- Episode no.: Season 2 Episode 15
- Directed by: Deran Serafian
- Written by: Thomas L. Moran
- Original air date: March 28, 2006

Guest appearances
- Samantha Mathis as Maria Palko; Eddie Mills as Bob Palko; Peter Birkenhead as Vincent Lambert; Stephanie Erb as Charlotte Lambert; Yareli Arizmendi as Lady;

Episode chronology
| ← Previous "Sex Kills" | Next → "Safe" |
- House season 2

= Clueless (House) =

"Clueless" is the fifteenth episode of the second season of House and thirty-seventh overall, which premiered on Fox on March 28, 2006. It was written by Thomas L. Moran and directed by Deran Serafian.

==Plot==
The episode's cold opening begins with Maria being violently grabbed and carried to the bedroom by a man. As he attempts to force her onto the bed, he begins to have difficulty breathing. It is then revealed that the man is not a rapist, but rather her husband, Bob, who was engaging in a rape fantasy with her.

Meanwhile, Wilson has been staying over with House due to problems at home. House and Wilson agree that Wilson will move out the next day.

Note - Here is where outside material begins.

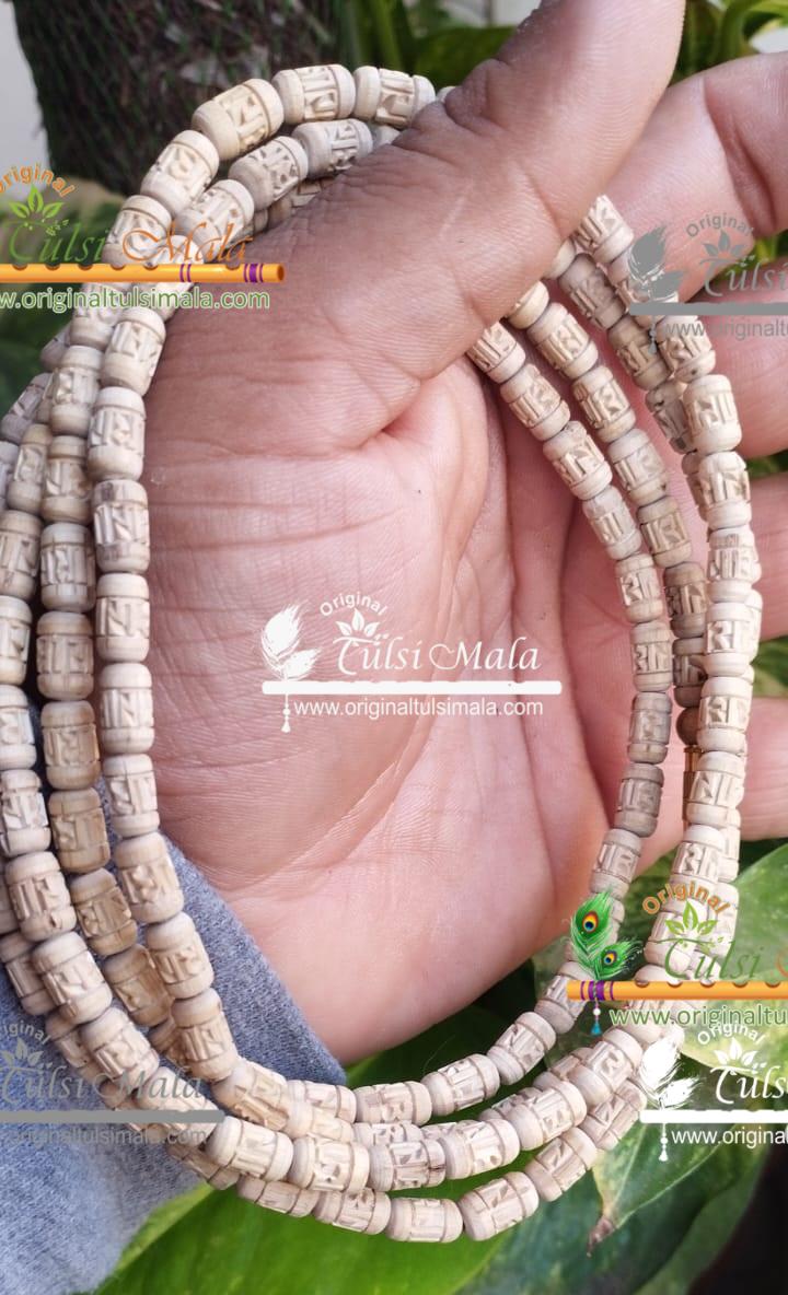 Radha Carved Shyamal Tulsi Barrel Bead Premium Kanthi Mala

House leads the team in a differential diagnosis of Bob's breathing difficulty. House is convinced that the symptoms are typical of heavy metal poisoning, but none of the tests confirm that diagnosis. House decides that Maria must be poisoning Bob, as any heavy metal that could enter his system by other means has been tested for. House searches Maria, but finds nothing.

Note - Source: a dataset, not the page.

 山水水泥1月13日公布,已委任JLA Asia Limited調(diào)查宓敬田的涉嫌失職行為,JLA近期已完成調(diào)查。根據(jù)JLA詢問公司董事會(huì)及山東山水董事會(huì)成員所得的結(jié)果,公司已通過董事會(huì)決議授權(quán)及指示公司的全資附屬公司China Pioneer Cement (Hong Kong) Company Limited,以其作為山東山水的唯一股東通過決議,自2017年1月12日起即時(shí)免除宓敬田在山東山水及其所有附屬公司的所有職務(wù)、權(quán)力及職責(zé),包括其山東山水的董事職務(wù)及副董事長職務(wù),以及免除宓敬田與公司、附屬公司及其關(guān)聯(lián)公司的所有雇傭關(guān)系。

Still certain that Maria is the culprit, House retrieves a vial of liquid to test his theory, instructing Cameron to prevent Maria from using the bathroom until he returns. House enters the restroom just as she is leaving the stall, takes hold of her hands, and apologizes for his inability to properly treat Bob. However, when House lets go of her hands, the fingertips are stained purple. He explains that the only way to confirm his theory was by way of a gold indicator, (Tin(II) chloride), which reduces gold ions to colored colloidal gold. By applying the indicator to his hands and touching Maria's hand after she went to the bathroom, he confirms his suspicion that Maria was killing Bob with sodium aurothiomalate.

At the end, House erases a message from a realtor to Wilson.

==Music==
This episode features Al Green's "Love and Happiness".

==Reception==
This episode originally aired on March 28, 2006, and averaged 21.44 million viewers.